*** SUPPLIED DATA

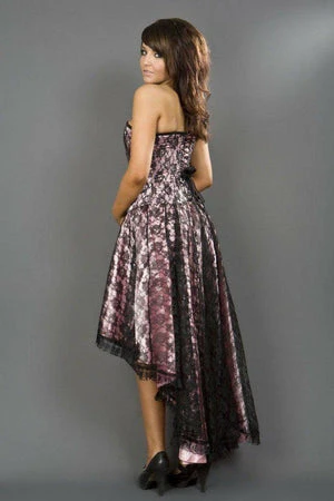 This Mollflanders victorian goth corset dress has black lace overlay, laced ribbon detail, side zip fastening and back lace fastening with modesty panel.
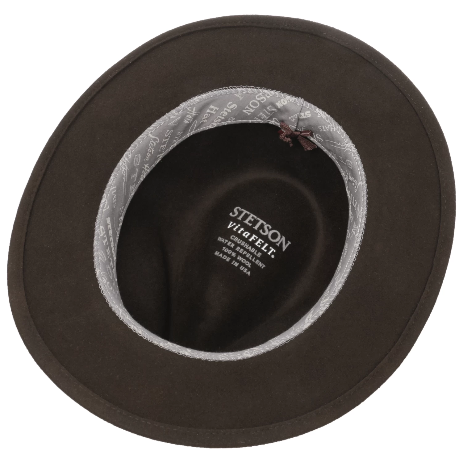 Das hochwertige VitaFelt-Material aus 100% Wollfilz schützt auch noch vor Regen und Feuchtigkeit und hält den Kopf angenehm trocken. Weltenbummler wissen außerdem zu schätzen, dass sich der Stetson klein zusammengerollt bedenkenlos in Rucksack oder Reisetasche packen lässt.
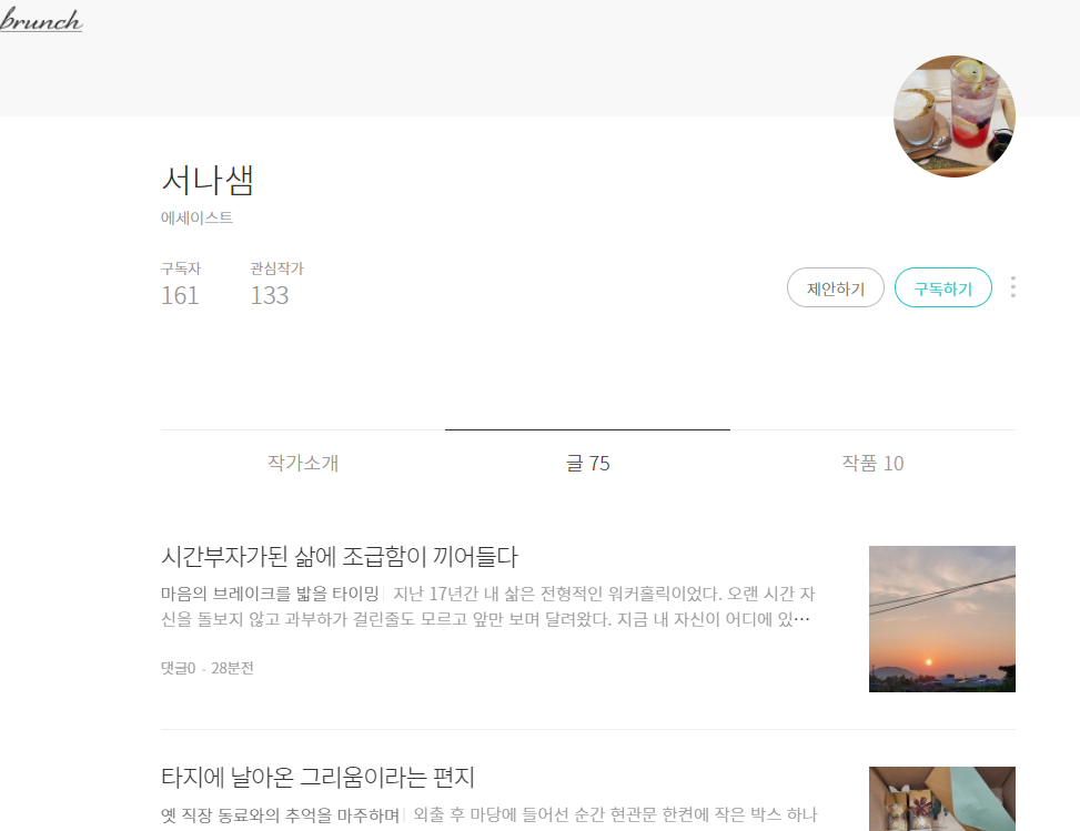 한 달 어스를 시작하고 10일 동안 미션을 하면서 한 시간 안에 끝내 본 적이 없다. 금방 할 줄 알았던 미션들이 이것저것 생각을 하게끔 만들어서 찾고, 읽고, 보고, 생각하고, 글을 쓰고, 다듬고 나면 2~3시간은 훌쩍 지나 있었다. 작가를 위주로 글 전체를 보다 보니 한 두 개의 글이 맘에 들어 구독 버튼을 눌러 놓은 게 꽤 많다는 걸 알게 됐다. 거의 유튜브처럼 구독 버튼을 남발하여 정작 보고 싶은 채널 기억도 안나 못 찾게 되는 그 짓을 할게 너무 뻔해 보였다.
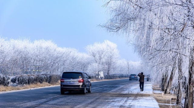 1月13日,霧散日升。河北省邢臺市大街小巷的樹枝上掛滿了潔白晶瑩的霜花,藍天下微風吹拂銀絲閃爍,奇麗壯觀。
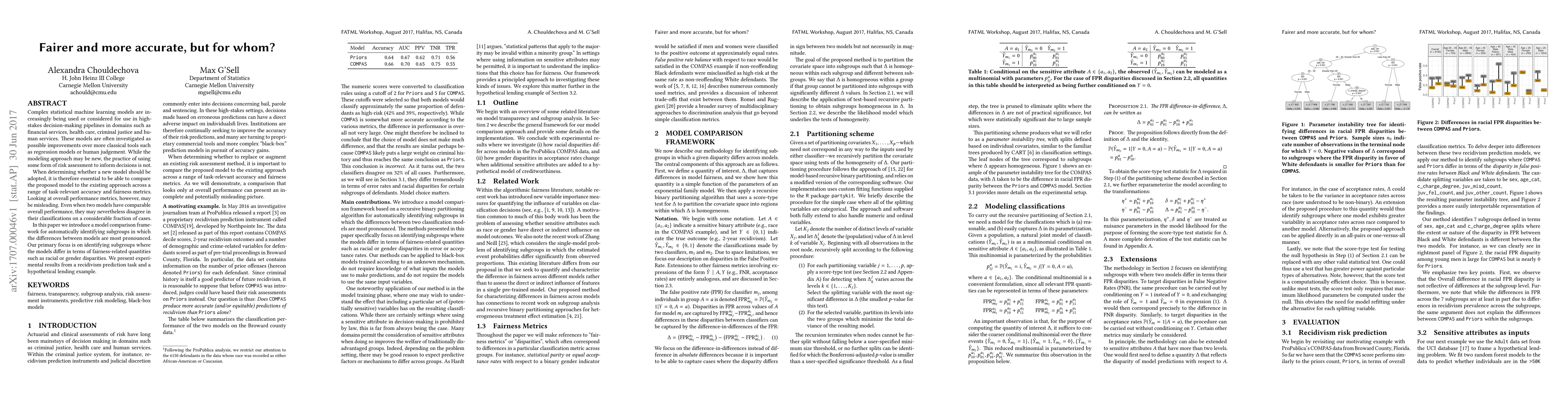 Complex statistical machine learning models are increasingly being used or considered for use in high-stakes decision-making pipelines in domains such as financial services, health care, criminal justice and human services. These models are often investigated as possible improvements over more classical tools such as regression models or human judgement. While the modeling approach may be new, the practice of using some form of risk assessment to inform decisions is not. When determining whether a new model should be adopted, it is therefore essential to be able to compare the proposed model to the existing approach across a range of task-relevant accuracy and fairness metrics. Looking at overall performance metrics, however, may be misleading. Even when two models have comparable overall performance, they may nevertheless disagree in their classifications on a considerable fraction of cases. In this paper we introduce a model comparison framework for automatically identifying subgroups in which the differences between models are most pronounced. Our primary focus is on identifying subgroups where the models differ in terms of fairness-related quantities such as racial or gender disparities. We present experimental results from a recidivism prediction task and a hypothetical lending example.

******

* [PROBLEM] Excluding the pictures, retype the line containing "1月13日,霧散日升。河北省" and all lines after it down to the end of the data above.

* [SOLUTION TO THIS TASK]
 1月13日,霧散日升。河北省邢臺市大街小巷的樹枝上掛滿了潔白晶瑩的霜花,藍天下微風吹拂銀絲閃爍,奇麗壯觀。
 Complex statistical machine learning models are increasingly being used or considered for use in high-stakes decision-making pipelines in domains such as financial services, health care, criminal justice and human services. These models are often investigated as possible improvements over more classical tools such as regression models or human judgement. While the modeling approach may be new, the practice of using some form of risk assessment to inform decisions is not. When determining whether a new model should be adopted, it is therefore essential to be able to compare the proposed model to the existing approach across a range of task-relevant accuracy and fairness metrics. Looking at overall performance metrics, however, may be misleading. Even when two models have comparable overall performance, they may nevertheless disagree in their classifications on a considerable fraction of cases. In this paper we introduce a model comparison framework for automatically identifying subgroups in which the differences between models are most pronounced. Our primary focus is on identifying subgroups where the models differ in terms of fairness-related quantities such as racial or gender disparities. We present experimental results from a recidivism prediction task and a hypothetical lending example.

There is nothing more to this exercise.